On a winter evening when the clouds over Europe sagged like tired banners after a parade, the Owl arrived and chose a crooked chimney outside a bomb-scraped town to be his perch. From there he could see a field that used to be wheat and was now a geometry exercise in craters, and beyond that the ribbon of a road where headlights flowed towards the border and never seemed to come back. The Owl blinked, the way owls do when they have seen this scene before in other centuries with other flags, and said to no one in particular: the continent is at it again, only the fonts have changed.

The town below him had a clock tower with no clock, a school with no children, and a square with a statue wearing a scarf of sandbags. The statue held up a sword as if to signal that courage and granite were the same thing. Across the square was a café that had learned to make tea by candlelight; it served tea to the last three old men who sat there each evening and argued whether victory should be defined as endurance or as headlines. They had been boys in different uniforms once, and they were unanimous about very little except that the world belonged to the impatient and the invoice always arrived at the door of the poor.

From his vantage point the Owl could hear the war talk in many languages. First, the flat metallic voice of artillery, the grammar of which never changes. Then the smoother diction of statements, communiqués, declarations that arrived like snowfall—beautiful from a distance, wet and inconvenient close up. There was also the soft human soundtrack of suitcases: a thousand zippers drawn in unison, the chorus of leaving.

One night the Owl decided to fly west along the motorways that were now supply lines and back again along the power cables that stitched the continent together like black thread. He listened at each capital for the particular dialect of conscience it spoke. In one, there was a ceremony where leaders solemnly promised to stand with a people as long as the polling held; in another, a think tank explained that geography had been unfair and should apologize; in a third, an earnest journalist tried to pronounce a village name correctly and failed gloriously, then repeated the failure with admirable resolve.

The United States spoke first because it had the biggest microphone. It said that this was a war of freedom against fear and the price of civilization was itemized in artillery shells and aid packages, to be paid now and justified later. The Owl noticed that every speech came with an appendix labeled “the rules-based order,” which had footnotes, and those footnotes had footnotes, and in the smallest font of all there was a line that read: we reserve the right to be inconsistent if circumstances require. The country’s heart was loud and often generous; its memory was shorter than its logistics. It liked the war narrated as seasons: the spring offensive, the winter freeze, the summer of drones. In committee rooms where lights hummed like patient bees, calculations were done with grim affection—if we send ten of this and sixteen of that, what will the map look like and will the prices of eggs forgive us. When the Owl perched on a windowsill in one of those rooms he saw a whiteboard covered with arrows and a single sentence in green marker that summed up the tone: as long as it takes, within reason.

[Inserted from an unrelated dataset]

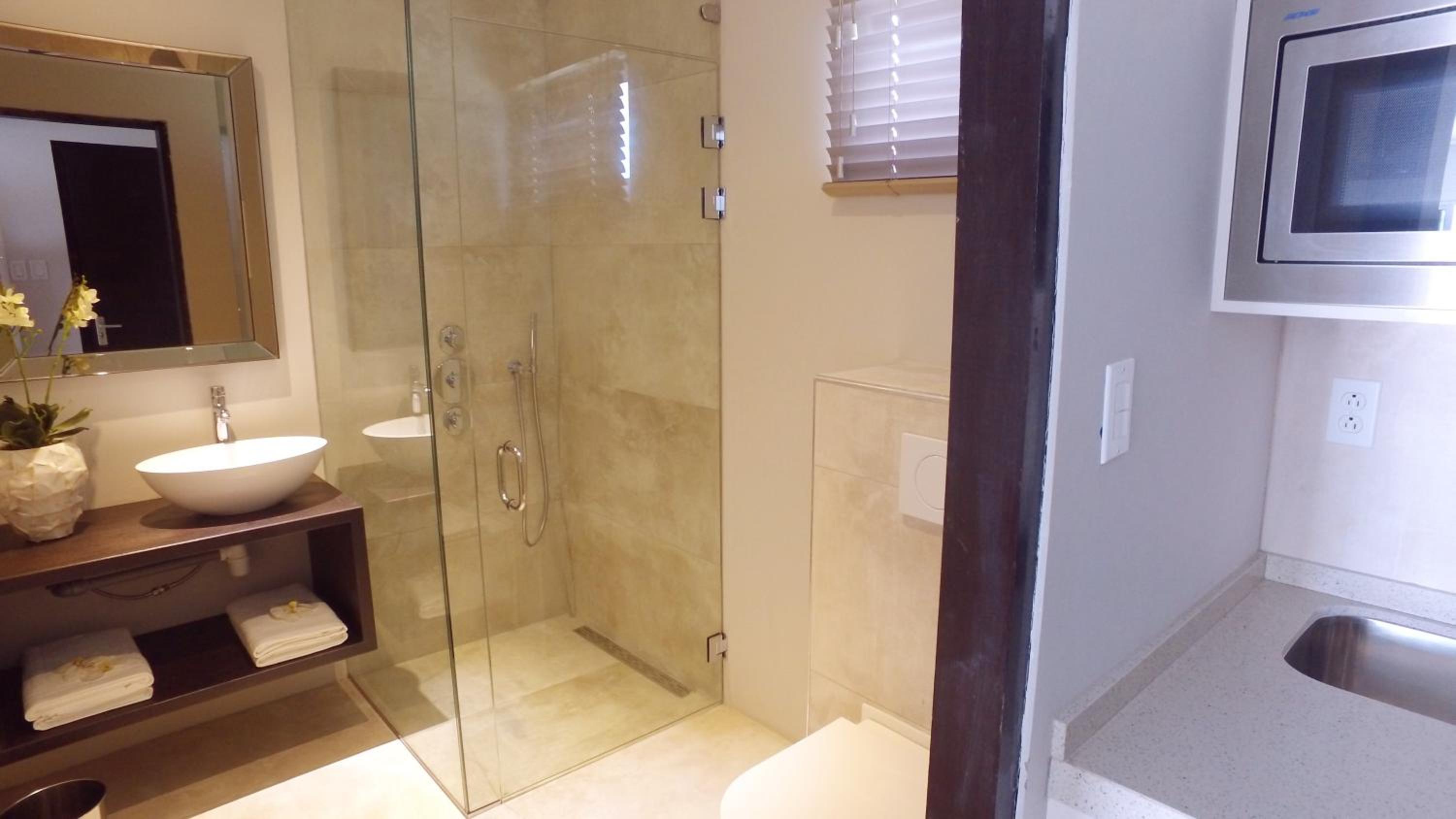 - Bathroom is also nice, with bathrobes and more than enough towels. Might be a little small for some but it was perfect for our group.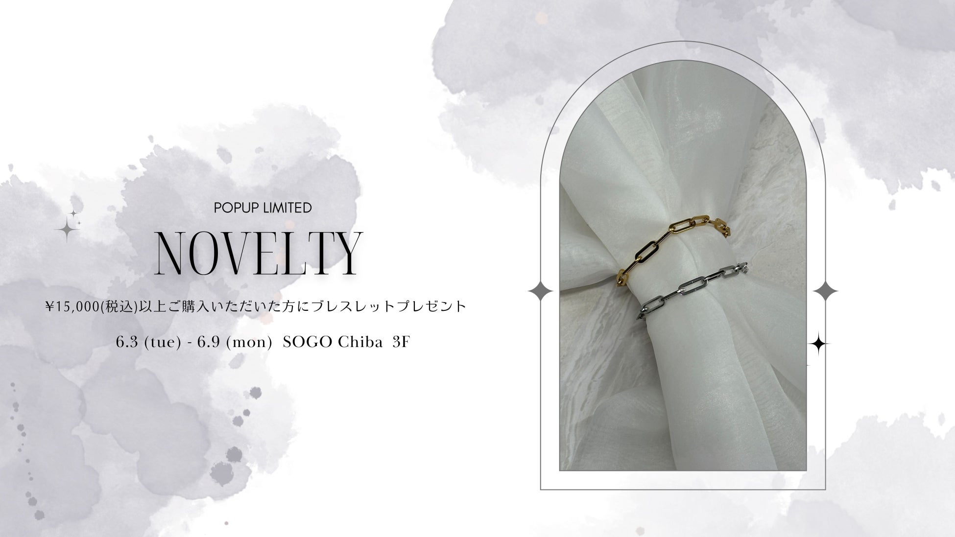 6/3(火)~6/9(月)のPOPUP期間中、1回のお会計で15,000円以上お買い上げいただいた方には、チェーンブレスレットのノベルティーを先着順でプレゼント。

NATO spoke like a choir that had practiced separately and was now attempting to harmonize on stage. One member’s tenor trembled at the thought of tanks on the highway again, while another’s bass reminded the group that deterrence was cheaper than regret. There were debates about calibres, ranges, red lines, and whether the red lines were actually elastic bands. The eastern members brought urgency; the western members brought budgets. Together they produced communiqués that sounded like polished furniture: solid, reassuring, heavy to move. The Owl sat above a summit hall and watched pens sign their way across maps; he felt, as always, the difference between promises made at microphones and deliveries made at dawn in rain.

Across the steppes to the east the war wore a different costume. There, the story was told as a lecture on history, with inflections of grievance and the stern love of a big brother who will fix the house even if it means rearranging the walls. Terms like security and redress were given capital letters and marched like soldiers through paragraphs. The Owl, who has little patience for foot-stamping, found the doctrine familiar: the universe had been out of alignment and would now be repaired with the tools available, which were iron and fire. It is a curious thing, the Owl mused, how every country’s borders are sacred and every neighbour’s borders are negotiable.

Further east still, China sat at a table the size of a province and drafted statements like origami cranes: elegant, folded, and capable of flight without actually going anywhere. Officially it called for restraint and dialogue; unofficially it sold the spare parts required for prolonged conversation. It had the manner of a banker attending a family quarrel: concerned about stability, sympathetic to disruption, alive to opportunity. The Owl perched on a skyline where cranes—of steel, not paper—knit together a new precinct of glass and concrete. He heard the quiet arithmetic: in a long war, supply chains are opinions; in a sanctions maze, routes are declarations. China offered plans in the voice of a mediator and options in the posture of a shopkeeper. If asked directly, it said neutrality; if measured carefully, the scales told a different tale. The Owl did not judge; he merely noted the weights.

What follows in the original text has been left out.